Just wanted to say this since there seems to be a lot of focus on just that one issue, whereas there seem to be at least two at play. (Of course, in the case of the battery, you'll have to touch the device anyway, so verifying whether it responds or if you need to rejoin it is minimal extra effort--just not typical behavior for ZHA).

Somel · January 30, 2019, 10:59pm

It depends.
If the check in is for example 28810 as it allows for 2 check in attempts will Void that issue.
This is theory only.

martyn · January 30, 2019, 11:10pm

I believe it depends on the parent, not the end device i.e. if you pulled the battery on an end device and left it out for a week, it would still connect back to the parent as long as the parent hadn't removed it from its child list.

From what I've seen so far you can tell if a device has been forced to leave and re-join because its 16-bit address changes. I haven't read enough of the ZigBee spec to be sure that's always the case (maybe @tony or @veeceeoh know) , but it seems to be consistent behavior on my system.

Somel · January 30, 2019, 11:13pm

Silly question probably but why would the coordinator ask a child to leave and rejoin? What are the advantages?

martyn · January 30, 2019, 11:22pm

It's not a silly question, we're all learning here

I believe it's the parent that tells it to leave and rejoin (parent being router or coordinator) if it's been expired from the parent's list of children due to timeout.

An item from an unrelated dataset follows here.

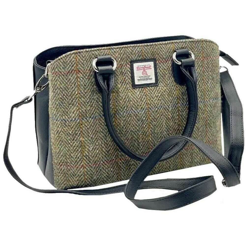 Maccessori Harris Tweed tas met handvat aan de bovenkant - landgroen
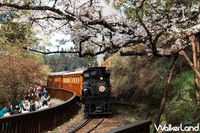 ▲阿里山櫻花季即將迎來最夢幻的旅程。林業及自然保育署阿里山林業鐵路及文化資產管理處推出年度限定的「綻放舞櫻」主題列車 / 林鐵及文資處蔡文淇拍攝提供、WalkerLand窩客島整理

I'm not sure if it does that as a routine or only if all the other child slots on that parent are now taken in the meantime.

I suspect the former because from my own scanning / mapping with XBEE I do see occasional leave and rejoins, even though none of the router devices seem to have an overload of children.

csteele · January 30, 2019, 11:23pm

The command is a bunch of bits, but it's been named "leave and rejoin" because that's what the end device is going to do. Could it have been called the "rejoin" command, yes, but that would probably overlap with the 'rejoin' that the end device is going to be doing... reduces the confusion I think.

end-device: hi - checking in
coordinator: I don't know you. use the rejoin process if you want to continue
end-device: rejoin
coordinator: welcome, long time no see.

That's an artificial conversation, by the way

vjv · January 30, 2019, 11:26pm

For some reason I thought it was my Prime subscription...

Somel · January 30, 2019, 11:40pm

... Why don't you know me? You as*****

csteele · January 30, 2019, 11:51pm

Apparently that's exactly what Xiaomi's do.. they curse at the Coordinator and walk away (don't join)

cwwilson08 · January 31, 2019, 12:14am

Should have been explained like this a long time ago...

veeceeoh · January 31, 2019, 12:41am

I'm not aware of any method to query a router to find out its default end device aging timeout value. Maybe ask IKEA?

I did a quick Google search on "zigbee end device aging timeout", and the first hit (from SiLabs' Zigbee & Thread Knowledgebase seems to confirm that end devices can inform their parent of the end device's checkin timeout requirements:

The End Device Timeout Request command is sent by an end device to informing its parent of its timeout requirements when joining/rejoining to the network.This allows the parent the ability to delete the child entry from the child table if the child has not communicated with the parent in end device poll timeout.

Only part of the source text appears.